问题
I know that pointers hold the address of a variable. And references point to the same address in the symbol table (that is, the same address of the variable, that they are assigned to).
My question is, how do reference to pointers exactly work. And when do we need them, as opposed to using pointer alone (and not using reference to pointer). It will be helpful if you could explain me the use of reference to pointer, with respect to a singly linked list.
I have the following code that deletes the head pointer of a linked list using a function:
struct Node
{
int data;
Node* next;
};
struct Node* newNode(int data)
{
Node* temp = new Node;
temp->data = data;
temp->next = nullptr;
return temp;
}
Node* deleteHead(Node* &head)
{
if (head)
{
Node* temp = head;
head = head->next;
delete temp;
}
return head;
}
int main()
{
Node* head = newNode(1);
head->next = newNode(6);
head->next->next = newNode(4);
head->next->next->next = newNode(8);
head = deleteHead(head);
Node* temp = head;
while (temp != nullptr)
{
cout << temp->data << " " << endl;
temp = temp->next;
}
return 0;
}
In the deleteHead(Node* &head) function, the function takes the argument, Node* &head. But, the code works fine, even when the argument is Node* head. for what cases do we need to pass Node* & instead of Node* in a linked list?
Following is the deleteHead(Node* &head) function above, which works the same, if we only use Node* head as the argument, instead of Node* &head -
回答1:
You pass a pointer by reference for the same reason you pass a non-pointer by reference: To let the function modify its value.
Let me use a simpler example
#include <iostream>
void foo(int*& x) {
*x = 42; // change the value of the int x points to
x = nullptr; // change the value of x
}
The first line modifies the value x points to (but it does not modify x). The second line modifies x itself.
int main() {
int y = 42;
int* y_ptr = &y;
foo(y_ptr);
if (y_ptr == &y) std::cout << "cannot happen";
}
Because we set x = nullptr, y_ptr will not point to y anymore after the call.
Now if we modify foo to not take a reference we get:
#include <iostream>
void foo(int* x) {
*x = 42; // change the value of the int x points to
x = nullptr; // change the value of x
}
Again the first line modifies the int pointed to by x. However, now the second line only has an effect on x local to the function.
int main() {
int y = 42;
int* y_ptr = &y;
foo(y_ptr);
if (y_ptr == nullptr) std::cout << "cannot happen";
}
The value of y_ptr cannot change by passing it to foo, because it is passed by value.
In your code you have
Node* deleteHead(Node* &head)
{
if (head)
{
Node* temp = head;
head = head->next;
delete temp;
}
return head;
}
And when you write head = deleteNode(head) two things are happening:
- the function modifies
head(because it is passed by reference) to point tohead->next. - the function also returns this "new" head (pointing to
head->next) and that is assigned tohead.
So you basically asign to headtwice. Because head is passed by reference deleteNode would do the right thing without using the return value:
deleteNode(head); // this already does modify head
...or put the other way around: If you return the "new" head (head->next) from the fucntion and assign it to head, then it does not matter if you pass the pointer by reference, because the assignment done inside the function has the same effect.
Your code is similar to
int* bar(int*& x) {
x = nullptr;
return x;
}
and then call it via
int y = 42;
int* y_ptr = &y;
y_ptr = bar(y_ptr);
where the same effect could be achieved by not using the returned value bar(y_ptr). Or the same without pointers (because pointers really make no difference here):
int moo(int& x) {
x = 0;
return x;
}
int x = 42;
x = moo(x); // same as `moo(x)`
PS: You dont need both (return the pointer and assign it already in the function), so better make the function return void.
回答2:
So,
both, reference and pointer contain an address of variable/memory. reference has semantic of variable (if you set the value, you write data into referenced memory), pointer has semantic of pointer (if you set the value, pointered memory isn't changed) and you can set the pointer which addresses an other memory.

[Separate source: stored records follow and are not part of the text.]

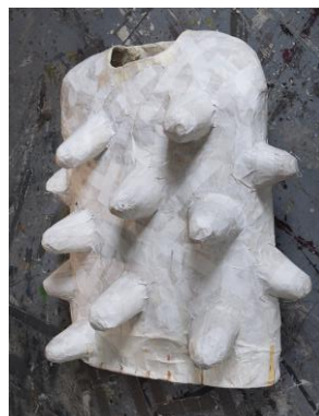
Tone Fink, BUSENGEWAND, 1990
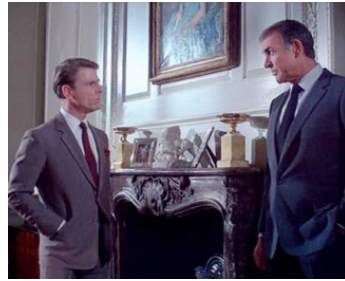
1983 JAMAIS PLUS JAMAIS (Never say never again) d'Irvin Kershner avec Sean Connery
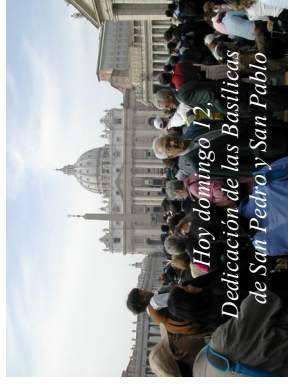
Hoy domingo 12. Dedicación de las Basílicas de San Pedro y San Pablo

Página Web: www.archimadrid.es/pasuntorre 28250 - TORRELODONES (Madrid)
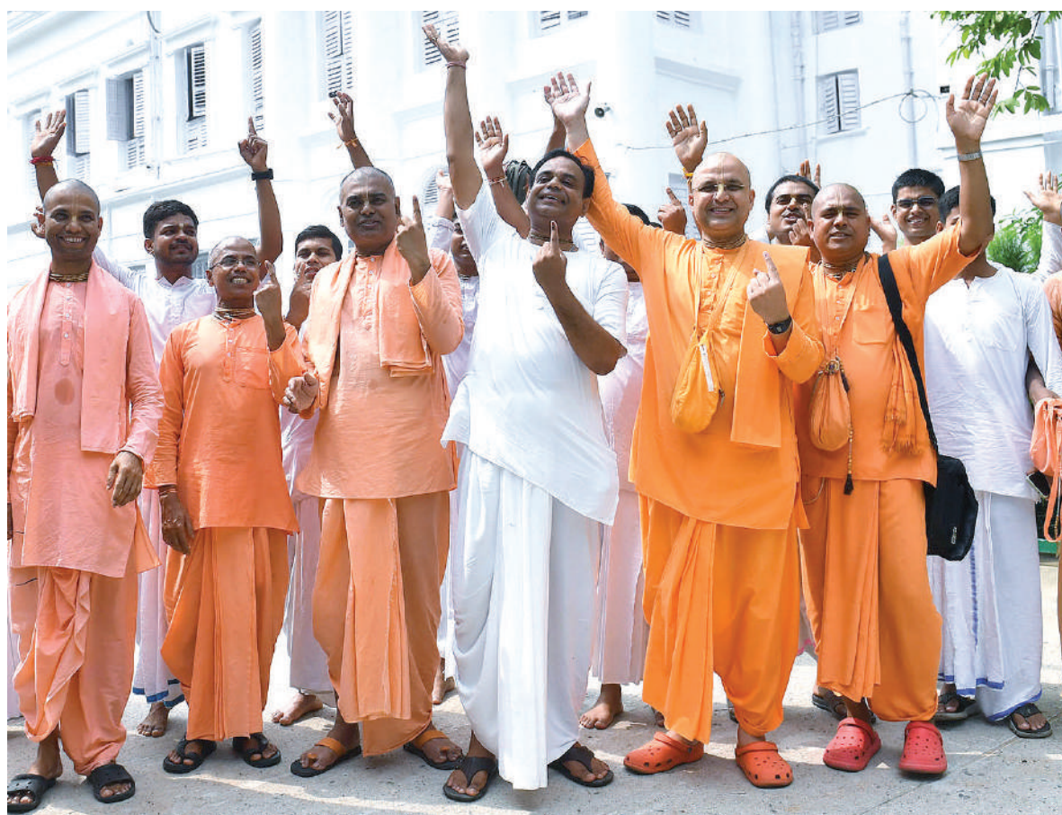
नई दिल्ली। लोकसभा चुनाव के सातवें और आखिरी चरण में शामिल 7 राज्यों और एक केंद्र शासित प्रदेश की 57 लोकसभा सीटों पर शनिवार को मतदान हुआ। इस दौरान मतदान केंद्रों पर लाइन लगी रही। चित्र में कोलाकाता के एक मतदान केंद्र पर मतदान करने के बाद प्रसन्न मुद्रा में इस्कॉन के साधु-संता हिमाचल प्रदेश के शिमला में एक केंद्र पर मौजूद महिला मतदाता।
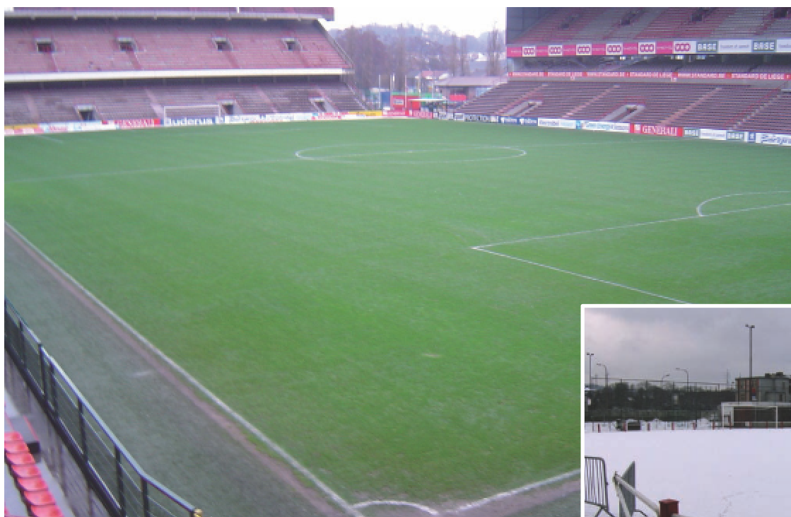
Terrain du Stade du Standard de Liège, chauffé par le système Thermalu® Photo prise le 30/01/2010 à 14h00 ( T° extérieure de -15° enregistrée pendant 15 jours )
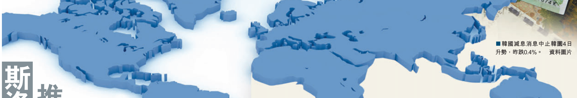
■韓國減息消息中止韓國4日升勢，昨跌0.4%。資料圖片
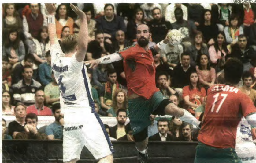
Vitória por um golo sobre a Islândia não chegou para concretizar os intentos de qualificação

Vitória de Portugal (21-20) no Dragão, insuficiente para anular a desvantagem de três golos trazida da Islândia. Derradeiros minutos voltam a ditar afastamento de uma grande competição
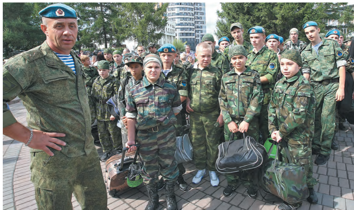
Участники военно-спортивной смены «Разведчик» в детском лагере «Спутник» в рамках патриотической программы «Юная гвардия Кузбасса». Ребята, успешно сдавшие потом все нормативы, получили символы «разведчиков» – береты и тельняшки.
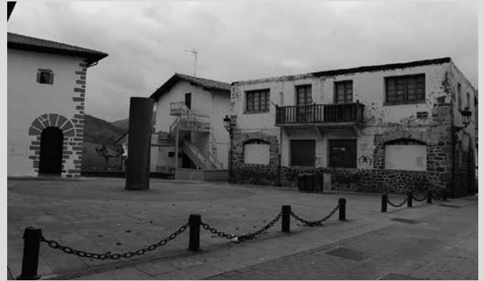
Udal ekipamendu gabeziaren hutsunea beteko du Pelaiouenea berrituak. Bilera otsailaren 26an egingo dute, 19:00etatik aurrera Haur Eskolan.

Usurbilgo udal gobernu taldea kalezartarrekin bilduko da otsailaren 26an, iluntzeko 19:00etan Haur Eskolan deitu duen hitzorduan. Gogoan izan, Kalezar erdiguneko Pelaiouenea eraikina birgaitzen ari da Udala. Bi egitasmoren bilgunea izango da: Emakumearen Etxearena eta kalezar-

about deleteHead(Node* &head) - you use the reference of real variable that contains pointer of Node. The function returns new value of head in the same variable and as return value too.
回答3:
References are "safe pointers" that are used with value semantics (which is really helpful in an operator overloading context), so the usage of references is very similar to the usage of pointers in C, except these points:
- References hold a single value and not an array
- References are non-null (which is not always desirable)
It means that you can (or, should) pass a reference whenever you want to change the original passed variable (and not a copy of it).
Saying that, the C (rought) equivalent to your function is Node* deleteHead(Node** head).
Note that since you passed a reference, the original head variable was modified and thus your function becomes a bit weird, since it both modifies head and returns its value.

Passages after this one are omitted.